Der Malaria-Parasit ist ein wahrer Wandlungskünstler: Im Laufe seiner Evolution hat er die Fähigkeit entwickelt, seine beiden völlig unterschiedlichen Wirte – Mensch und Anopheles-Mücke – optimal für seine Vermehrung und Verbreitung zu nutzen. Je nach Gewebe, das der Parasit in seinem Lebenszyklus Schritt für Schritt durchläuft, hat er hochspezialisierte und morphologisch unterschiedliche Zellformen hervorgebracht, die auf die jeweiligen Wirtszellen bestmöglich abgestimmt sind. Doch wie genau diese Zellformen aufgebaut sind, ist noch weitgehend unbekannt.
Ein internationales Forschungsteam um Prof. Dr. Tim Gilberger, Leiter der Abteilung Zelluläre Parasitologie am Bernhard-Nocht-Institut für Tropenmedizin, und Prof. Dr. Kay Grünewald, Leiter der Abteilung Strukturelle Zellbiologie von Viren vom Leibniz-Institut für Virologie (LIV), hat jetzt das molekulare Skelett von vier Zellformen des Malaria-Parasiten Plasmodium falciparum analysiert.
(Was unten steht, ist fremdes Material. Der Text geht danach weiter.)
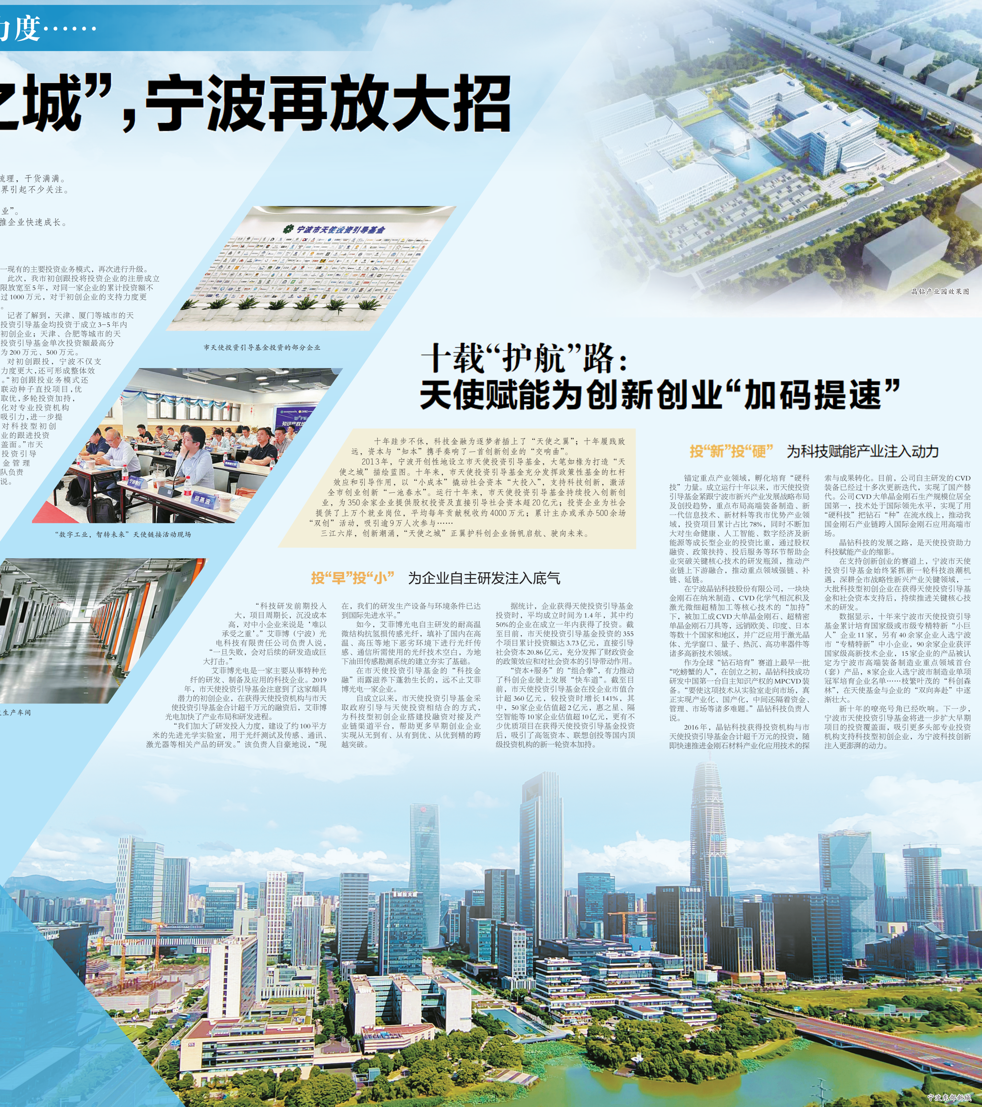
晶钻产业园效果图

新十年的嘹亮号角已经吹响。下一步，宁波市天使投资引导基金将进一步扩大早期项目的投资覆盖面，吸引更多头部专业投资机构支持科技型初创企业，为宁波科技创新注入更澎湃的动力。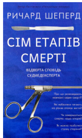
Сім етапів смерті. Відверта сповідь судмедексперта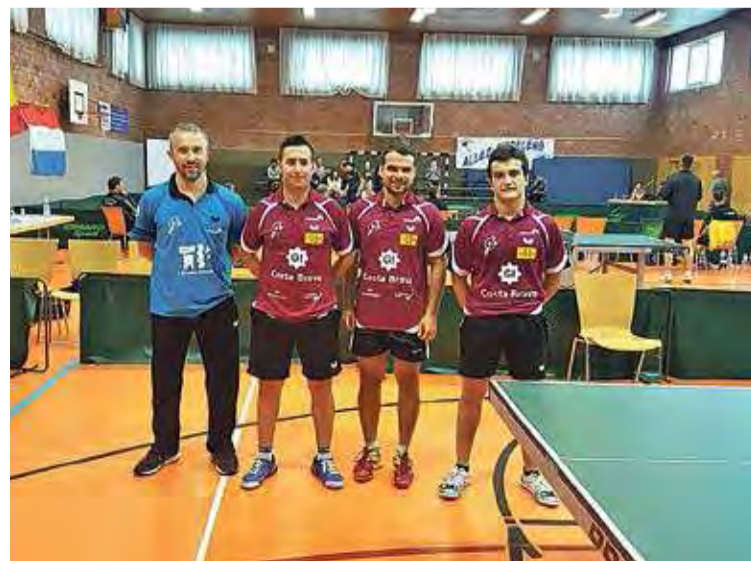
PARTICIPANTS. L'equip del CER no va poder donar la sorpresa a Luxemburg

INICI DE L'ESCOLA. D'altra banda, el club escalenc va iniciar ahir a partir de les cinc de la tarda l'escola per a nens i nenes a partir de sis anys. ■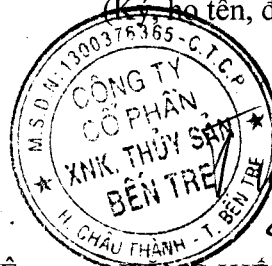
ĐẶNG KIẾT TƯỜNG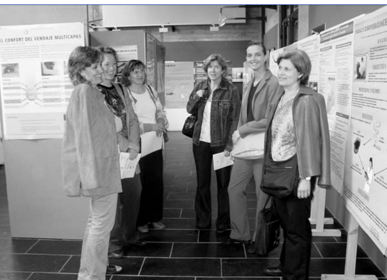
El Museu de Granollers va ser l'escenari de la Jornada d'Infermeria Creixem amb tu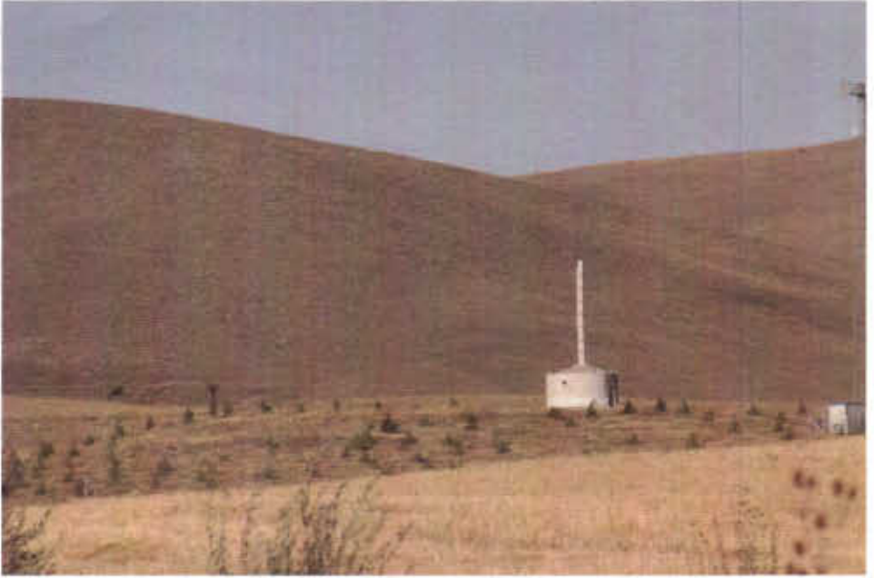
Resim - 12 Salyazı Höyüğü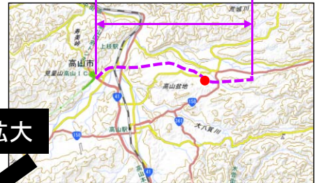
中部縦貫自動車道 高山I.C～丹生川I.C(仮称)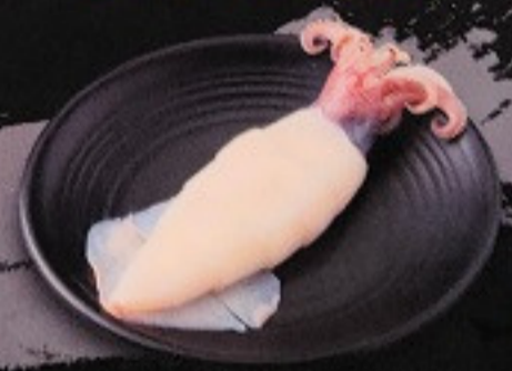
ปลาหมึก 100. Squid (3 ชิ้น) 烏賊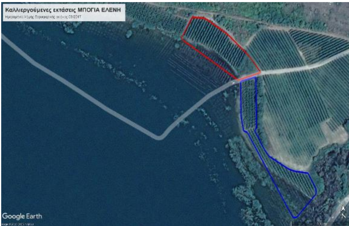
Εικόνα 2: Δορυφορική εικόνα Google Earth καλλιεργούμενων εκτάσεων σε υπόβαθρο χρονολογικής απεικόνισης 08ου/2017 (μπλε και κόκκινη διαγράμμιση: εκτάσεις 6.963,43 m 2 και 5.988 m 2 αντιστοίχως).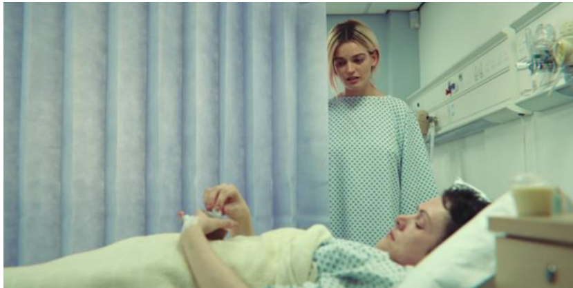
Maeve dialoga con Sara luego de su operación (aborto)

Al despertar de su intervención, Maeve recibe alimento de la enfermera quien va también a la cama de Sara y tiene una pequeña discusión con ella por el sabor del postre. Luego de escucharla, Maeve va para darle de su postre mostrándose reflexiva porque, su actitud, denota que identifica en Sara una figura materna. Del mismo modo, Sara se muestra melancólica porque se sensibiliza con Maeve al crearse un fugaz vínculo entre ellas. Esta escena tiene presente sonidos delicados que desaparecen en los diálogos lo que demuestra la cercanía y el cariño que se generó entre ambos personajes.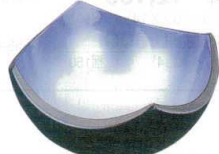
10-537-10 1-677-22 M(中)3.8寸四方上り鉢 紫かすみ ¥1,600 (11.7×11.7×5.8) 櫃100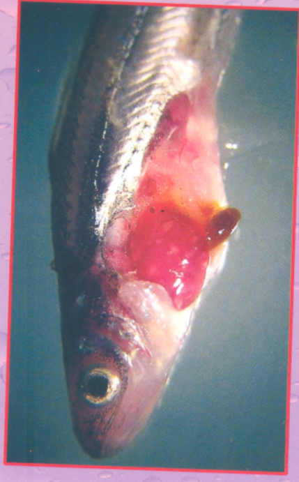
Cá tra giống bị bệnh đốm trắng ở gan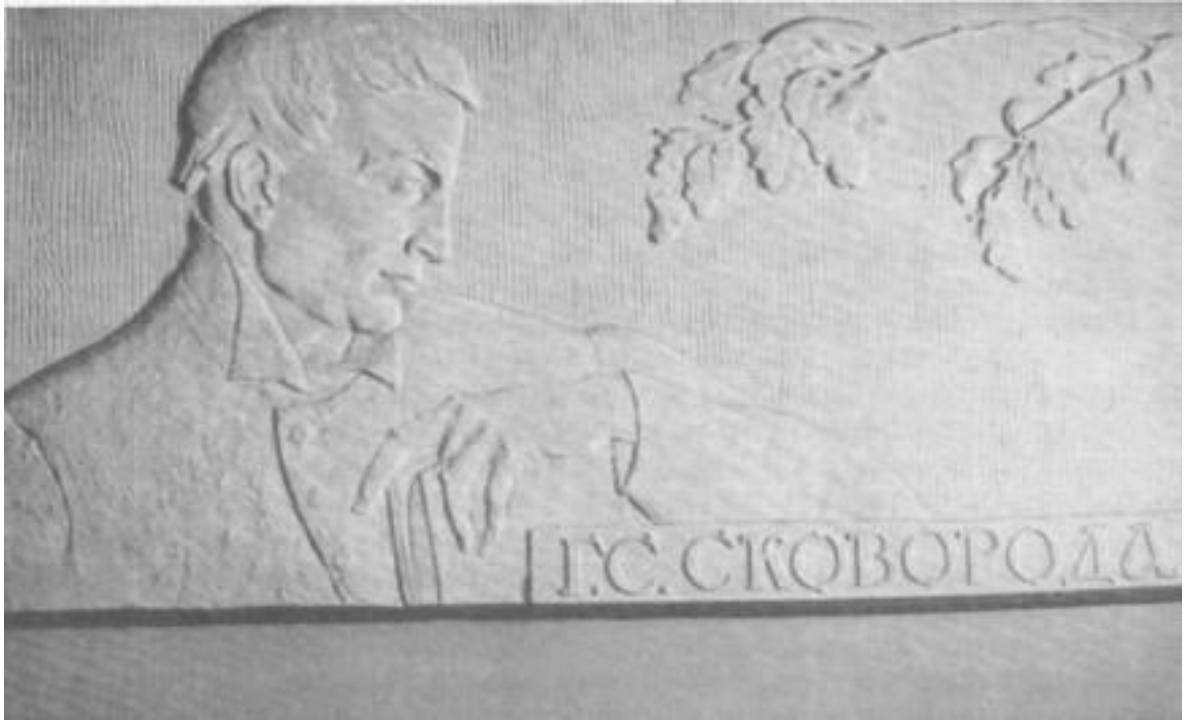
Стела Г. С. Сковороді у Харківському національному педагогічному університеті. Скульптор Д. Г. Сова.

Dabei ging es den Forschenden, deren Labore sich im CSSB (Centre for Structural Systems Biology) auf dem DESY-Campus in Bahrenfeld befinden, hauptsächlich um den Aufbau der sogenannten Mikrotubuli: länglichen Strukturelementen aus Proteinen, sogenannten Protofilamenten. Mikrotubuli sind bei fast allen Lebewesen mit Zellkernen, also auch bei Menschen, aus 13 Protofilamenten aufgebaut. Diese Anzahl nahm man bisher auch für die Zellformen einzelliger Parasiten wie dem Malaria-Erreger an. Einzelne Abweichungen hielt man für Ausreißer-Phänomene.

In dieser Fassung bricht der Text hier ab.